▸ **WHAT NEEDS TO BE DONE**
Repeat what the lines below say, word for word, and skip every image.

▸ **SOURCE DATA**
'''

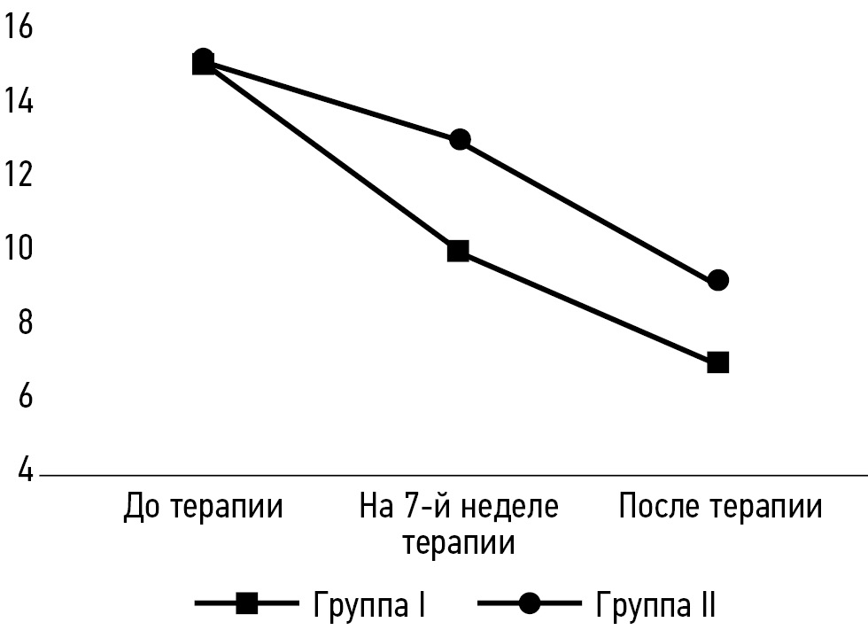 Средний балл ДИКЖ в обеих группах до начала лечения составил 15 (диапазон 9–21), при этом максимальный балл чаще всего выбирался для пунктов 2 (неловкость и стыд за состояние кожи), 4 (влияние на выбор одежды), а минимальный ― для пункта 1 (зуд, жжение, болезненность). На 7-й нед терапии в группе I средний балл ДИКЖ равнялся 10 баллам, во II ― 13 баллам. После проведённой терапии ДИКЖ в группе I в среднем составлял 7 баллов (диапазон 4–10), во II ― 9 баллов (диапазон 6–12); рис. 2.
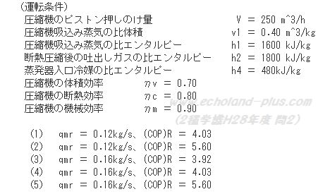 正解は、(1) qmr = 0.12kg/s (COP)R = 4.03
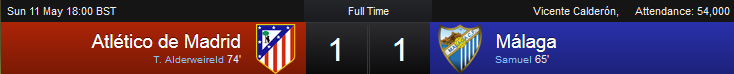 Bước sang hiệp 2, Malaga bất ngờ tăng tốc và nếu không có sự xuất sắc của thủ thành trẻ Courtois, A.Madrid đã sớm phải nhận bàn thua. Tuy vậy, đến phút 65, trong khoảnh khắc lúng túng của hàng thủ đội chủ nhà, Samuel đã tận dụng cơ hội rất tốt để mở tỷ số trận đấu.

'''

▸ **WORKED SOLUTION**
 Средний балл ДИКЖ в обеих группах до начала лечения составил 15 (диапазон 9–21), при этом максимальный балл чаще всего выбирался для пунктов 2 (неловкость и стыд за состояние кожи), 4 (влияние на выбор одежды), а минимальный ― для пункта 1 (зуд, жжение, болезненность). На 7-й нед терапии в группе I средний балл ДИКЖ равнялся 10 баллам, во II ― 13 баллам. После проведённой терапии ДИКЖ в группе I в среднем составлял 7 баллов (диапазон 4–10), во II ― 9 баллов (диапазон 6–12); рис. 2.
 正解は、(1) qmr = 0.12kg/s (COP)R = 4.03
 Bước sang hiệp 2, Malaga bất ngờ tăng tốc và nếu không có sự xuất sắc của thủ thành trẻ Courtois, A.Madrid đã sớm phải nhận bàn thua. Tuy vậy, đến phút 65, trong khoảnh khắc lúng túng của hàng thủ đội chủ nhà, Samuel đã tận dụng cơ hội rất tốt để mở tỷ số trận đấu.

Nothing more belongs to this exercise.